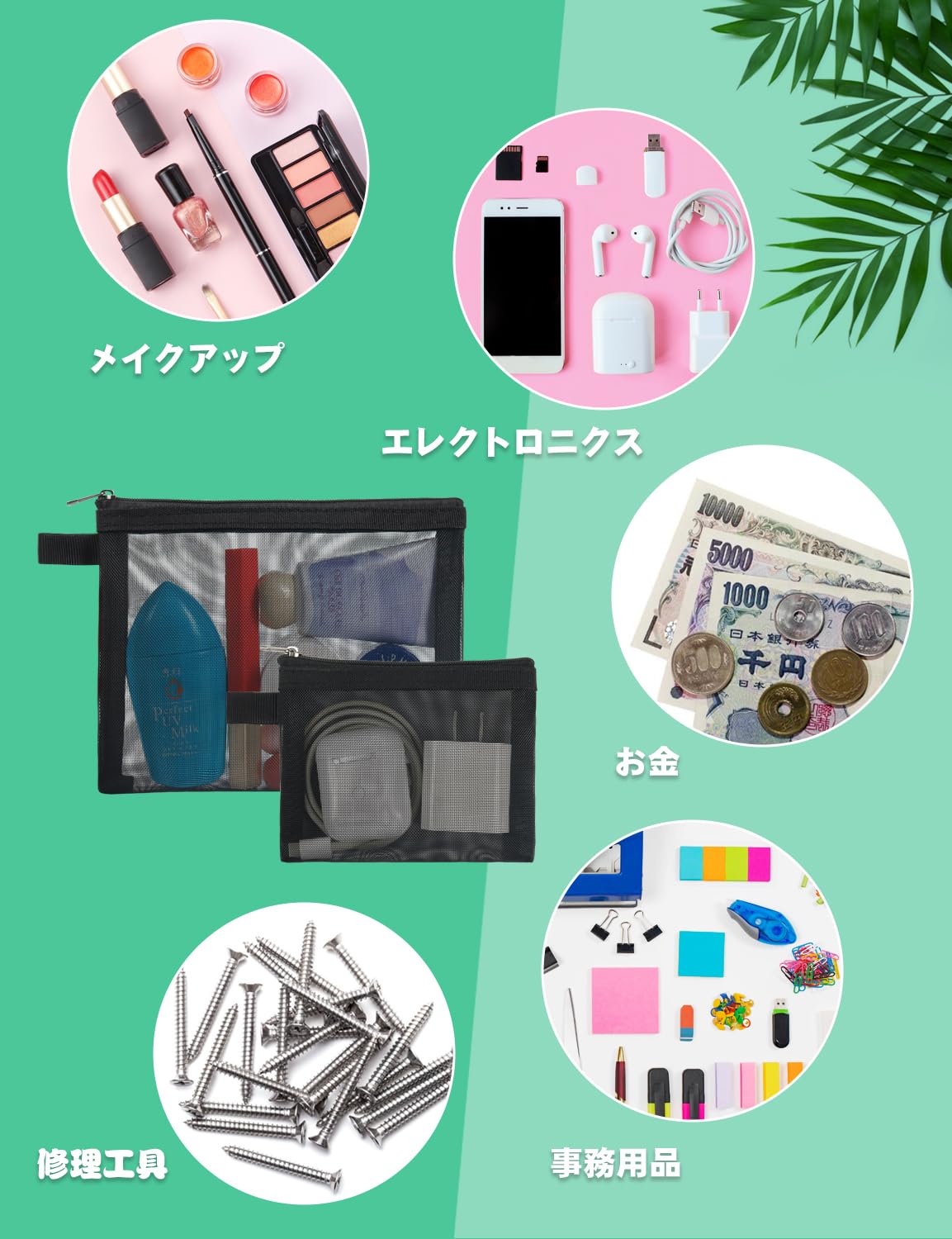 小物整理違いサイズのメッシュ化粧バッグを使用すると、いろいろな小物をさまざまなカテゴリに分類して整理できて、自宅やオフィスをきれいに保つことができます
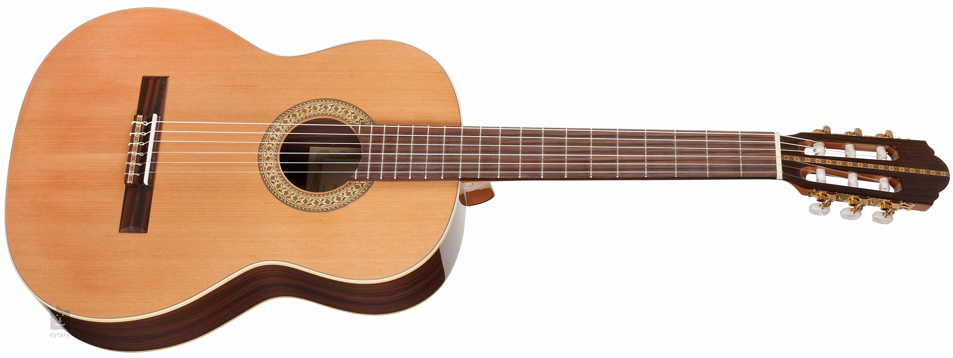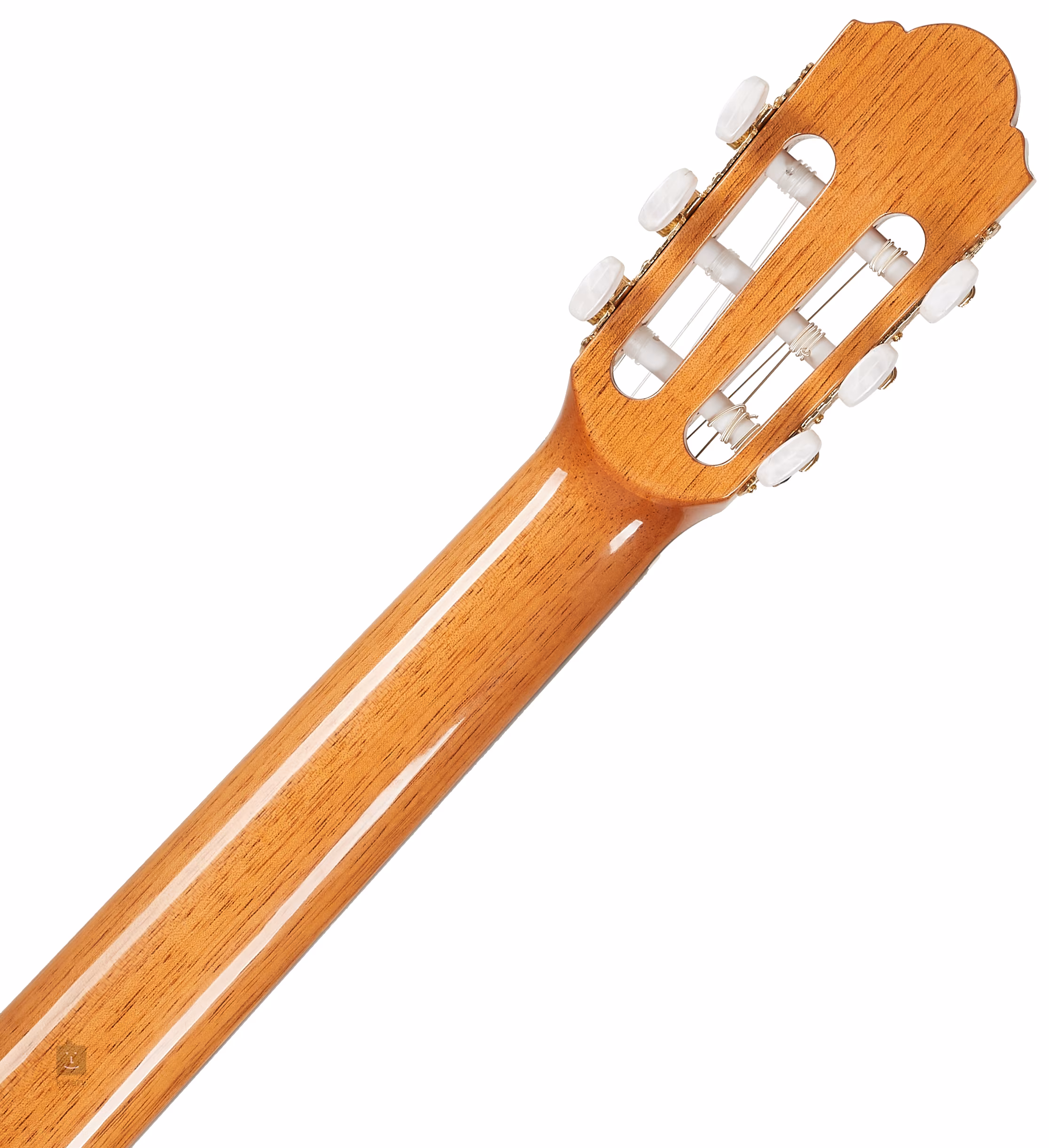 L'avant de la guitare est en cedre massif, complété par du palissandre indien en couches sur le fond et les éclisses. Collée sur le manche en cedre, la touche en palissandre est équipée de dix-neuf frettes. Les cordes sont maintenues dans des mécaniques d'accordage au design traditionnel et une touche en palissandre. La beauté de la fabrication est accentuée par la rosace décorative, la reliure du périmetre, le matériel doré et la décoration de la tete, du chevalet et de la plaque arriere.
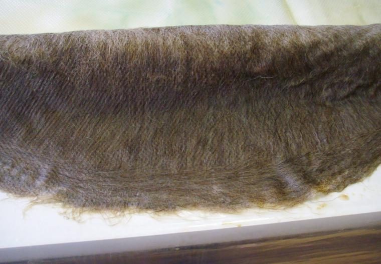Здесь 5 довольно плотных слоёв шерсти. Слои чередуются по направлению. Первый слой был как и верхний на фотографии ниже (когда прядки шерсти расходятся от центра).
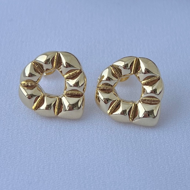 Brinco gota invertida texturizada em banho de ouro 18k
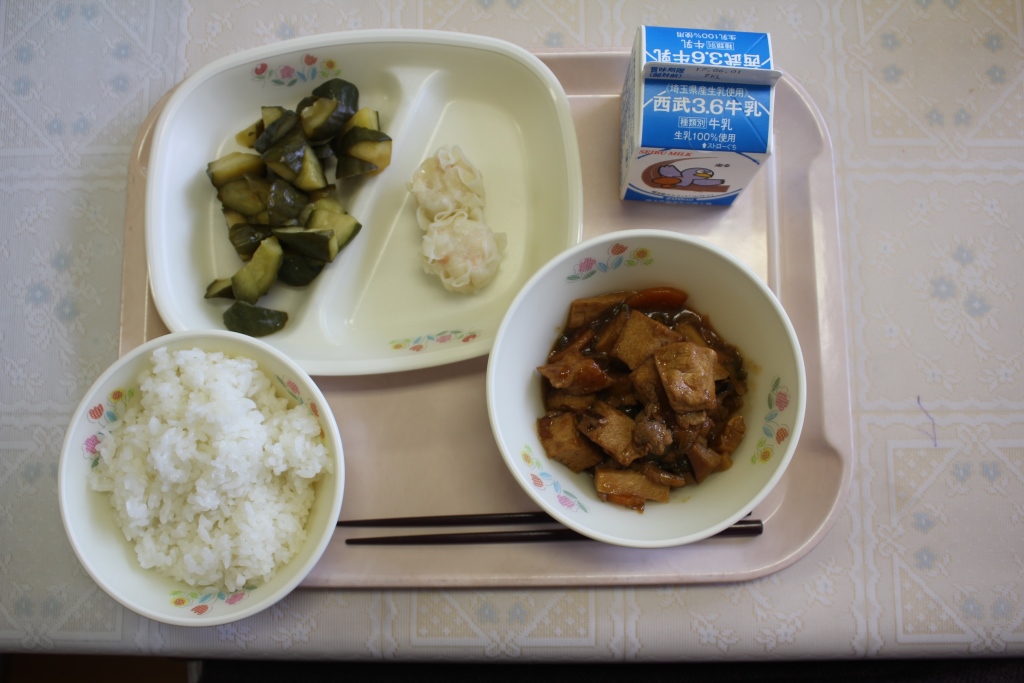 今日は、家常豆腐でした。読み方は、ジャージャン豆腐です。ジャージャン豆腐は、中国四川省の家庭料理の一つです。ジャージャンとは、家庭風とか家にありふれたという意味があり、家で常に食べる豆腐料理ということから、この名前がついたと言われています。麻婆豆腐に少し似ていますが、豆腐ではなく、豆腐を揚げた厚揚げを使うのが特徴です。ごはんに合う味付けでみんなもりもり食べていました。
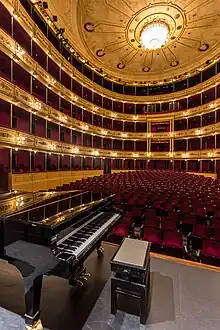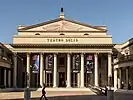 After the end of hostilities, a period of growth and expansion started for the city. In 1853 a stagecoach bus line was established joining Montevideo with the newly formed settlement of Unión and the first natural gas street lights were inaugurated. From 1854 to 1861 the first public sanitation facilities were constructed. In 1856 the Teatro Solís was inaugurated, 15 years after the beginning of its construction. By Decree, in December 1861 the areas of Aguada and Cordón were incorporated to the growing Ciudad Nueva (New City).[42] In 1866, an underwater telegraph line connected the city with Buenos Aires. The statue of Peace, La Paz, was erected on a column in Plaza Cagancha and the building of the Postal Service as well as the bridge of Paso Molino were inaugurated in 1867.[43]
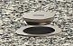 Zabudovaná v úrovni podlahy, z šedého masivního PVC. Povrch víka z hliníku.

━━━━━━━━━━━━━━━━

▸ YOUR INSTRUCTIONS
For each entry above, write it out again exactly but leave out any picture.

▸ YOUR SOLUTION
 小物整理違いサイズのメッシュ化粧バッグを使用すると、いろいろな小物をさまざまなカテゴリに分類して整理できて、自宅やオフィスをきれいに保つことができます
 L'avant de la guitare est en cedre massif, complété par du palissandre indien en couches sur le fond et les éclisses. Collée sur le manche en cedre, la touche en palissandre est équipée de dix-neuf frettes. Les cordes sont maintenues dans des mécaniques d'accordage au design traditionnel et une touche en palissandre. La beauté de la fabrication est accentuée par la rosace décorative, la reliure du périmetre, le matériel doré et la décoration de la tete, du chevalet et de la plaque arriere.
Здесь 5 довольно плотных слоёв шерсти. Слои чередуются по направлению. Первый слой был как и верхний на фотографии ниже (когда прядки шерсти расходятся от центра).
 Brinco gota invertida texturizada em banho de ouro 18k
 今日は、家常豆腐でした。読み方は、ジャージャン豆腐です。ジャージャン豆腐は、中国四川省の家庭料理の一つです。ジャージャンとは、家庭風とか家にありふれたという意味があり、家で常に食べる豆腐料理ということから、この名前がついたと言われています。麻婆豆腐に少し似ていますが、豆腐ではなく、豆腐を揚げた厚揚げを使うのが特徴です。ごはんに合う味付けでみんなもりもり食べていました。
 After the end of hostilities, a period of growth and expansion started for the city. In 1853 a stagecoach bus line was established joining Montevideo with the newly formed settlement of Unión and the first natural gas street lights were inaugurated. From 1854 to 1861 the first public sanitation facilities were constructed. In 1856 the Teatro Solís was inaugurated, 15 years after the beginning of its construction. By Decree, in December 1861 the areas of Aguada and Cordón were incorporated to the growing Ciudad Nueva (New City).[42] In 1866, an underwater telegraph line connected the city with Buenos Aires. The statue of Peace, La Paz, was erected on a column in Plaza Cagancha and the building of the Postal Service as well as the bridge of Paso Molino were inaugurated in 1867.[43]
 Zabudovaná v úrovni podlahy, z šedého masivního PVC. Povrch víka z hliníku.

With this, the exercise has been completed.